Impact of Pricing and Supply
IPMAN has expressed concerns about the chaotic fuel supply system, particularly with Dangote’s fuel not yet in wide circulation. The association, which controls over 70% of Nigeria’s filling stations, had earlier threatened to halt operations due to the high cost of petrol sold by the NNPC to independent marketers. The cost of petrol from Dangote’s refinery to the NNPC was reported to be around ₦898 per litre, but the NNPC was selling it to marketers at ₦1,010 per litre in Lagos.
The association’s dissatisfaction has raised fears of further fuel shortages and longer queues at petrol stations, as the price hike continues to affect both marketers and consumers.

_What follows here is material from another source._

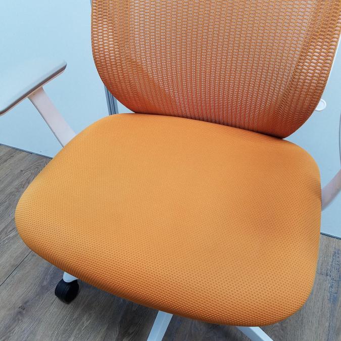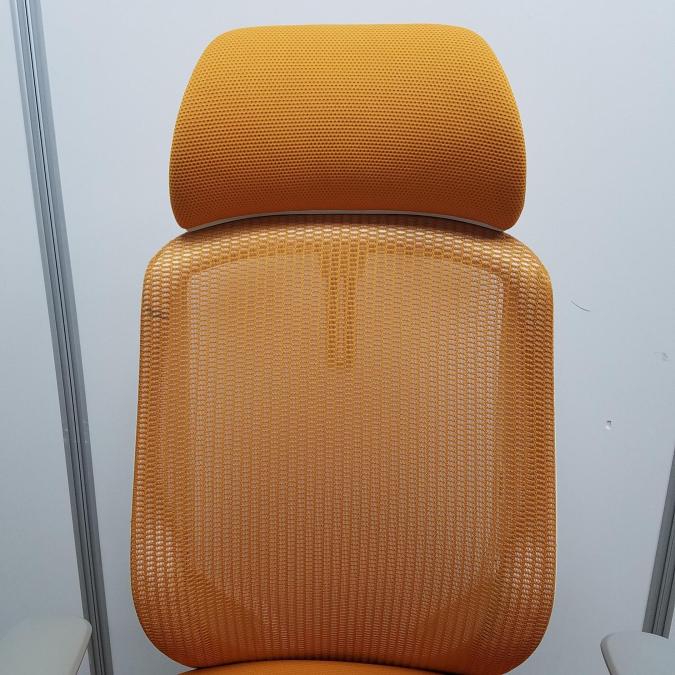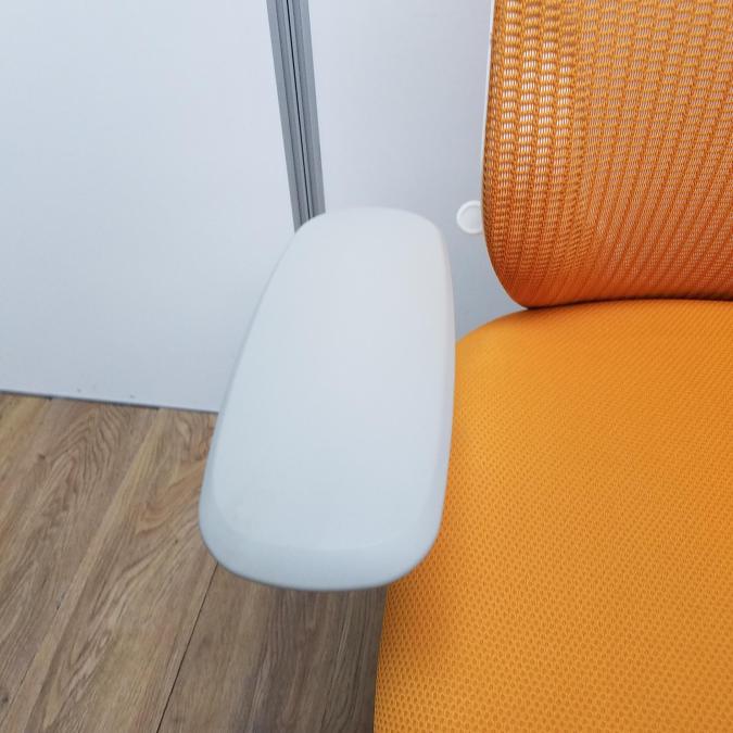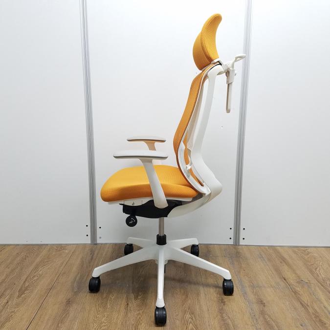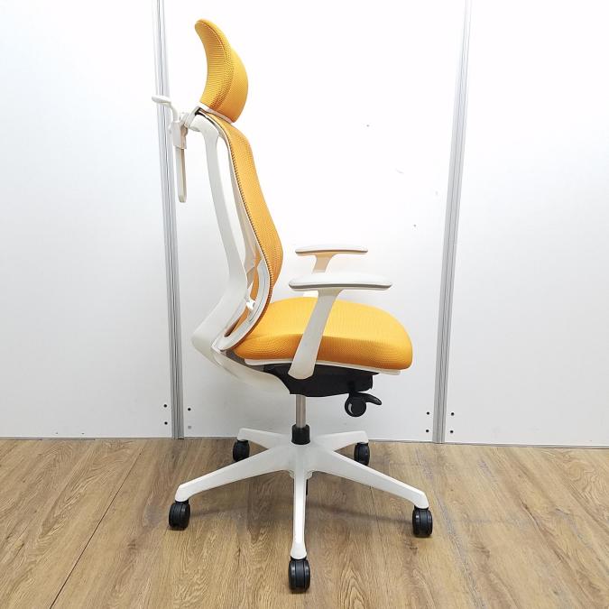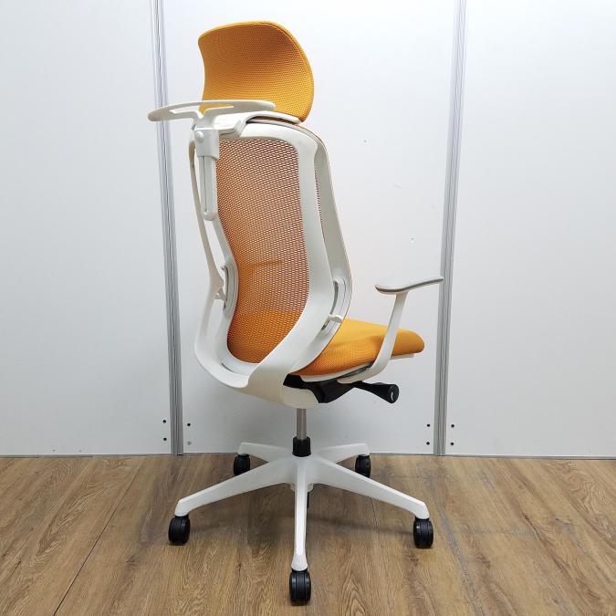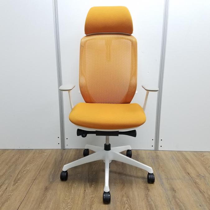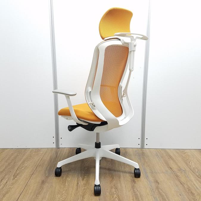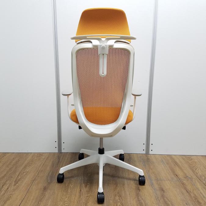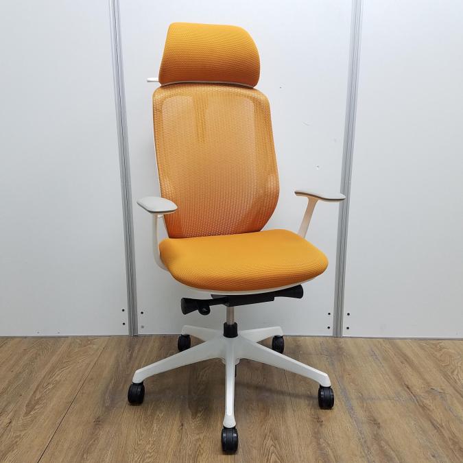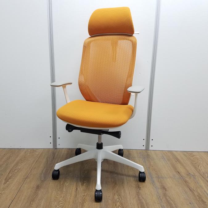 【現品限り】オカムラ製 シルフィーシリーズ オレンジ ホワイトフレーム ヘッドレスト デザインアーム※固定肘 樹脂脚 肘付きハイバックチェア!!- 京都東寺店

Federal Government’s Response
On Friday, the Federal Government confirmed that the NNPC would no longer be the sole distributor of Dangote’s fuel, allowing marketers to engage in direct transactions with local refineries. Wale Edun, Minister of Finance and chairman of the naira-for-crude sale implementation committee, announced that this change would promote competition and enhance market efficiency.
“The committee is pleased to report a successful transition of operations,” Edun said, adding that this shift would facilitate a fully deregulated petroleum market and improve the availability of locally refined products.
The Way Forward
Ukadike emphasized that the Federal Government must hold ongoing discussions with all industry stakeholders to address pricing and supply issues. He urged the government to ensure that all NNPC refineries are fully operational to create a more competitive market and relieve pressure on Dangote.
“The Federal Government can start selling its fuel at ₦750 in Port Harcourt refinery. We marketers will go and buy and sell to our customers at reasonable prices,” Ukadike added. He stressed that a fully functioning Port Harcourt, Warri, and Kaduna refinery would provide alternatives to Dangote, balancing the market and benefiting Nigerian consumers.